The selected candidate will have the opportunity to be co-supervised by Prof. Guillaume Pierre at Inria Rennes, Prof. Romain Rouvoy at Inria Lille, and by Paul Kerguillec and Hamouda Makhloufi at OVHCloud.

 

Assignment

Data managed by companies are increasingly produced at the edge of the Internet, far from the data centers. One of the main reasons for this profound change is the increasing weight data from the Internet of Things (IoT). These data are generated as a data flow that many users want to be able to analyze in real time, in order to allow a reaction almost instantaneous to events detected in the data streams. Currently there are many frameworks for streaming data analysis, the most popular being Apache Storm and Apache Flink. The goal of this project is to study how such data stream processing systems can be made energy-efficient.

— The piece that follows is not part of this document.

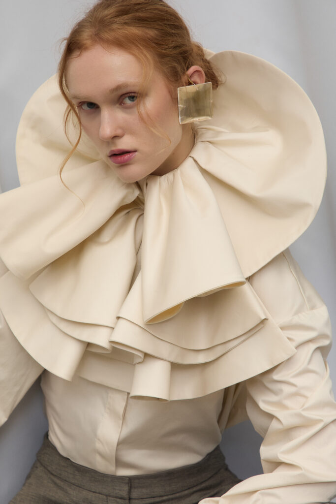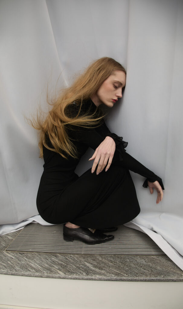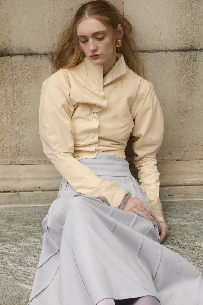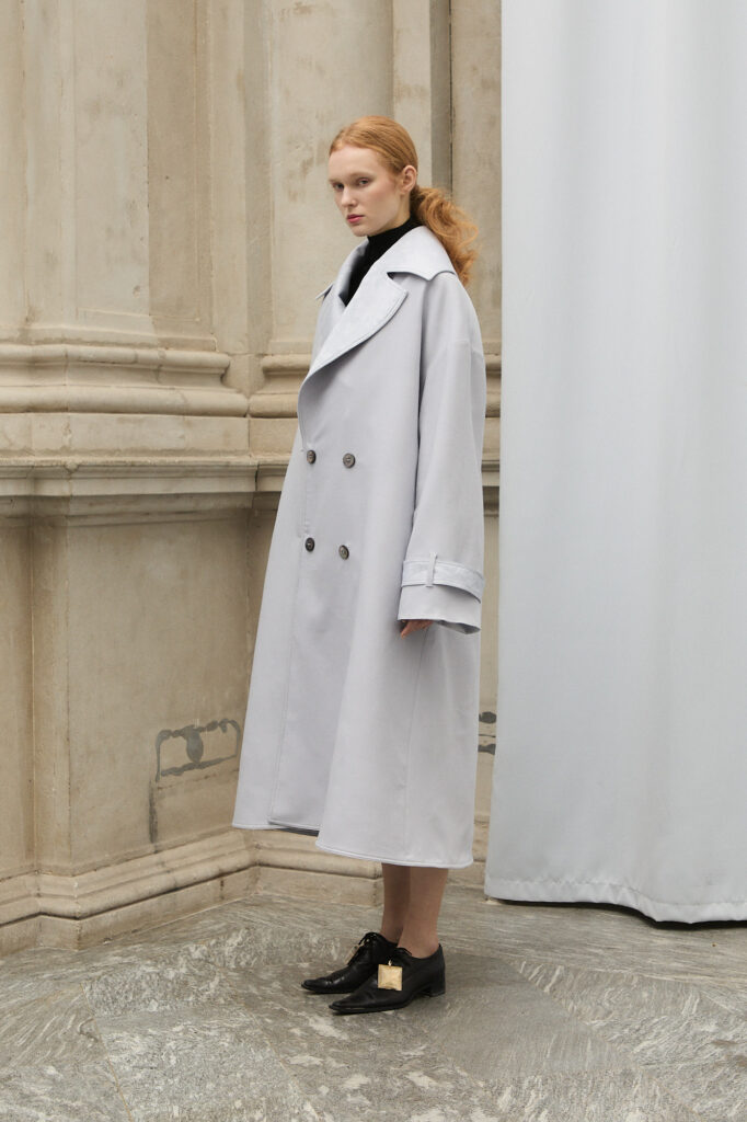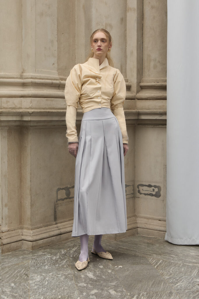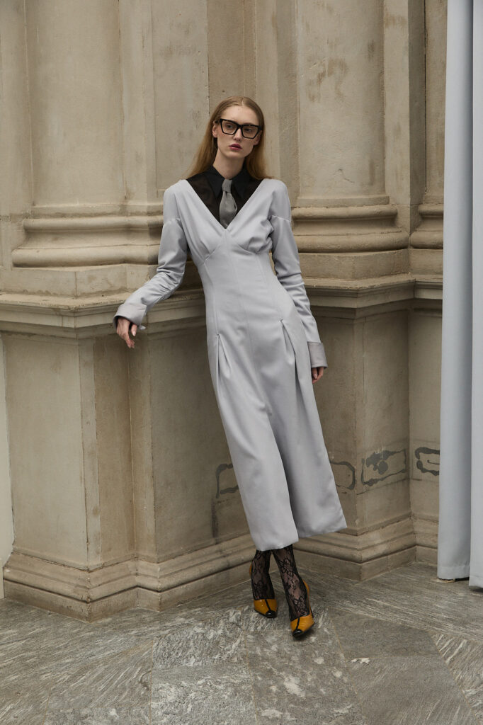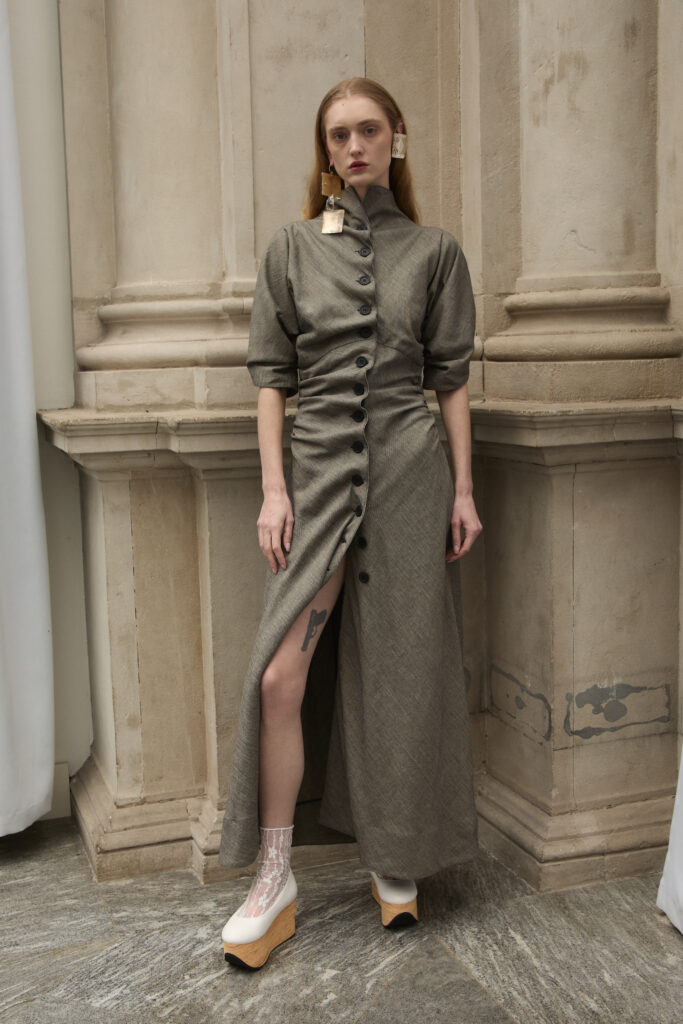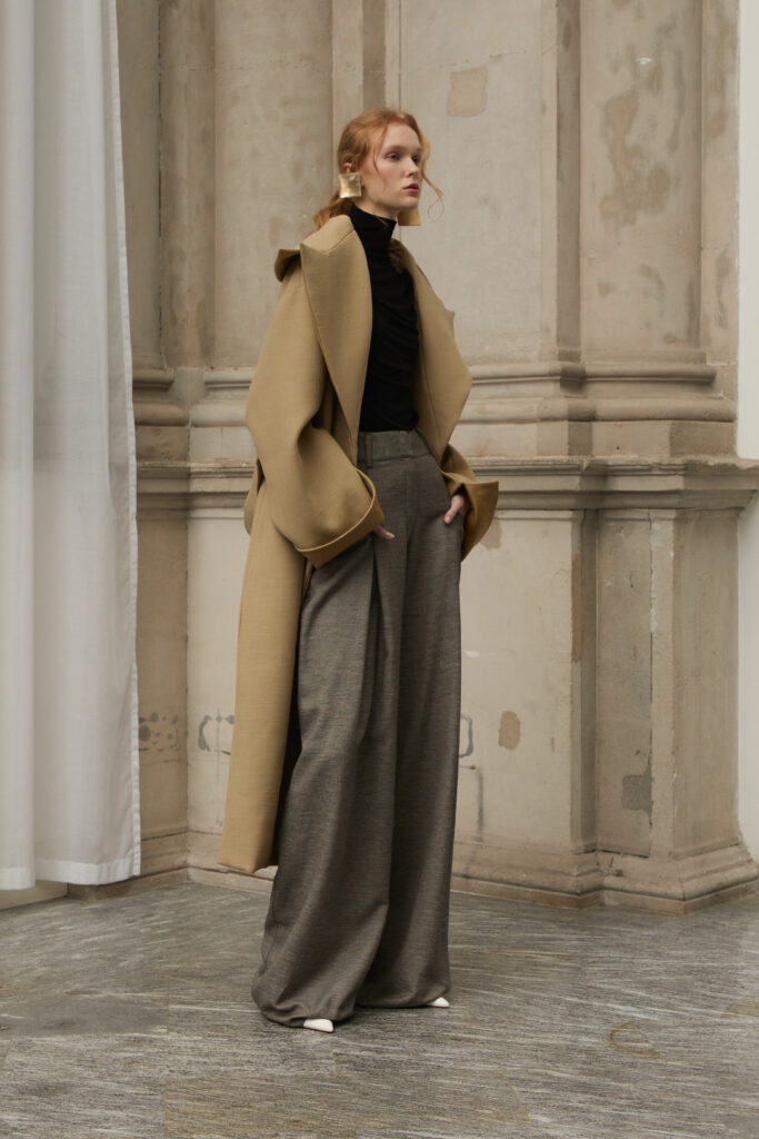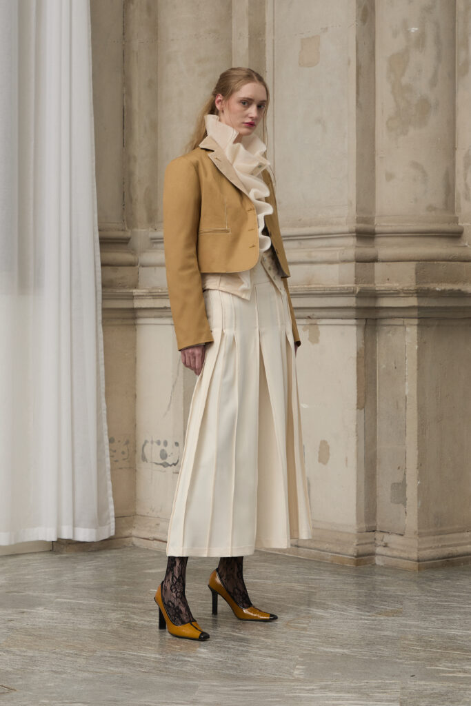 Inspirée par les héroïnes glaciales d’Alfred Hitchcock et l’élégance bohème de Paul Verlaine, la collection réinvente les frontières du tailoring classique, adoucissant la rigueur masculine avec des drapés sculpturaux et des textures mouvantes.

The recruited engineer will be in charge of adapting the existing data stream processing experimental platform to integrate energy measurement functionalities and support a broader range of workloads and application scenarios. The resulting system will be used to quantify the respective energy savings that may be expected from vertical and horizontal scaling techniques when the incoming data workload varies over time and/or when different costs for energy exist in different parts of the infrastructure.

 

This offer is advertised for an engineer position, with a duration of 12 months. If the work makes good progress there will be a possibility to extend it with a 3-years PhD student position.

 

[1] Hamidreza Arkian, Guillaume Pierre, Johan Tordsson and Erik Elmroth : An Experiment-Driven Performance Model of Stream Processing Operators in Fog Computing Environments. In Proc. ACM SAC, March 2020. https://hal.inria.fr/hal-02394396

[2] Hamidreza Arkian, Guillaume Pierre, Johan Tordsson and Erik Elmroth : Model-based Stream Processing Auto-scaling in Geo-Distributed Environments. In Proc. ICCCN, July 2021. https://hal.inria.fr/hal-03206689

[3] Guillaume Fieni, Romain Rouvoy et Lionel Seinturier : SmartWatts : Self-Calibrating Software-Defined Power Meter for Containers. In Proc. CCGRID, 2020. https://hal.inria.fr/hal-02470128.

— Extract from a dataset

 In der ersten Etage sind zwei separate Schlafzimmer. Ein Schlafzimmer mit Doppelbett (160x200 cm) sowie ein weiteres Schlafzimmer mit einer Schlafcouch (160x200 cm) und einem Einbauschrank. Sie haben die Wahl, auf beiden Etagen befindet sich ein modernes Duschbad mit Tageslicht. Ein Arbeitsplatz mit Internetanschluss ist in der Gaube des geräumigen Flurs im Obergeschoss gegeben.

[4] Aurélien Havet, Rafael Pires, Pascal Felber, Marcelo Pasin, Romain Rouvoy et Valerio Schiavoni. SecureStreams : A Reactive Middleware Framework for Secure Data Stream Processing. In Proc. ACM DEBS, 2017. https://hal.inria.fr/hal-01510699v2.

Main activities

Main activities (5 maximum) :

  • Integrate the experimental stream processing testbed in a cloud environment
  • Integrate energy measurements in the platform
  • Extend the platform to support a broader range of workloads and application scenarios
  • Perform experiments to quantify the respective energy savings from vertical and horizontal scaling techniques

 

Skills

  • A master degree in distributed systems and/or Cloud computing.

  • Excellent programming skills in Linux environments.

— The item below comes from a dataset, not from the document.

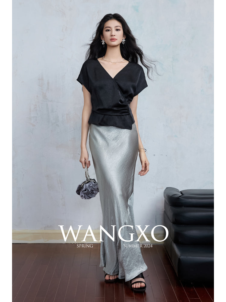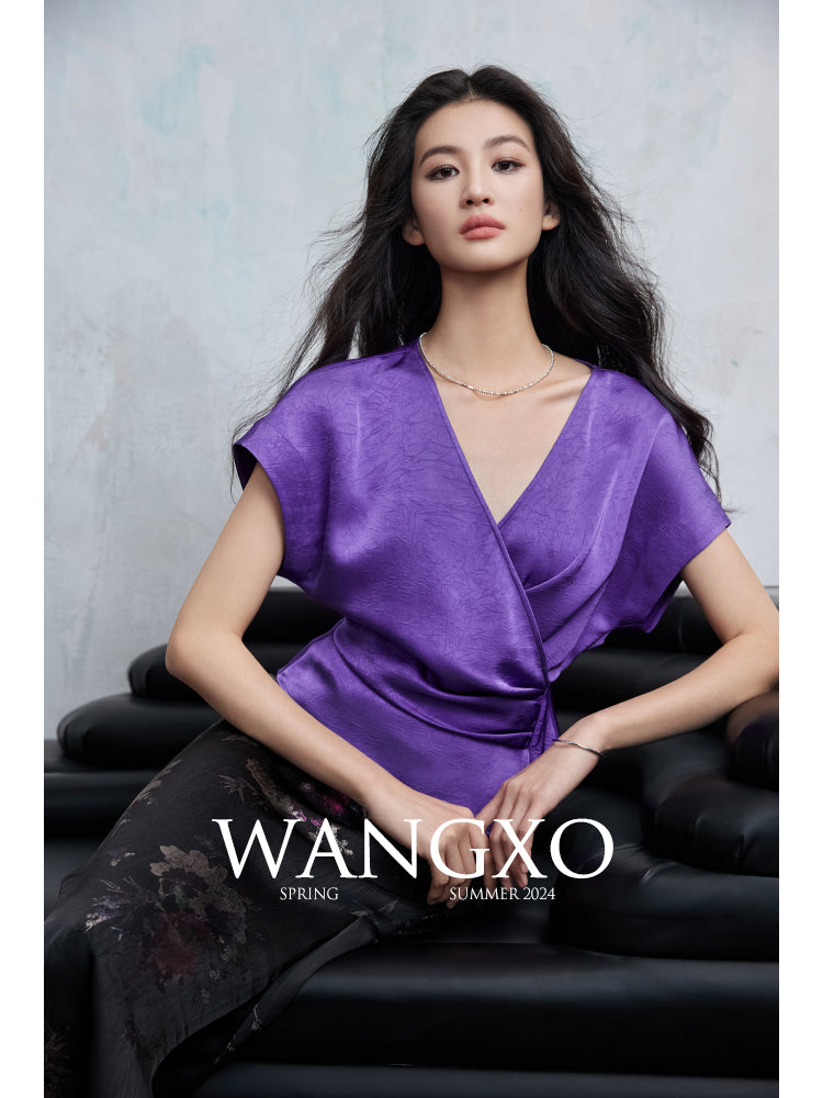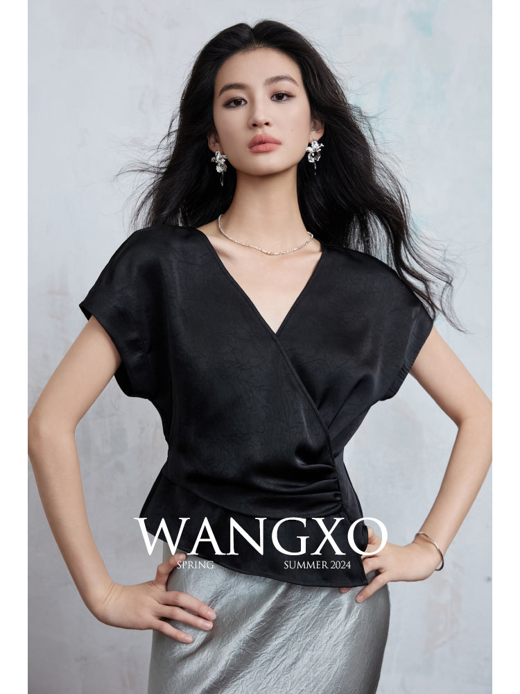 Elegant Embossed V-Neck Satin Blouse

  • Excellent communication and writing skills.

  • Good command of English.

  • Knowledge of the following technologies is not mandatory but will be considered as a plus:

    • Cloud resource scheduling

    • Distributed container systems: Kubernetes, Docker Swarm.

    • Single-board computers such as Raspberry PI

    • Python and shell scripting

    • Revision control systems: git, svn.

    • Linux distributions: Debian, Ubuntu.

Benefits package

  • Subsidized meals
  • Partial reimbursement of public transport costs
  • Leave: 7 weeks of annual leave + 10 extra days off due to RTT (statutory reduction in working hours)
  • Possibility of teleworking and flexible organization of working hours
  • Professional equipment available (videoconferencing, loan of computer equipment, etc.)
  • Social, cultural and sports events and activities
  • Access to vocational training
  • Social security coverage

Remuneration

Monthly gross salary from 2562 euros according to diploma and experience.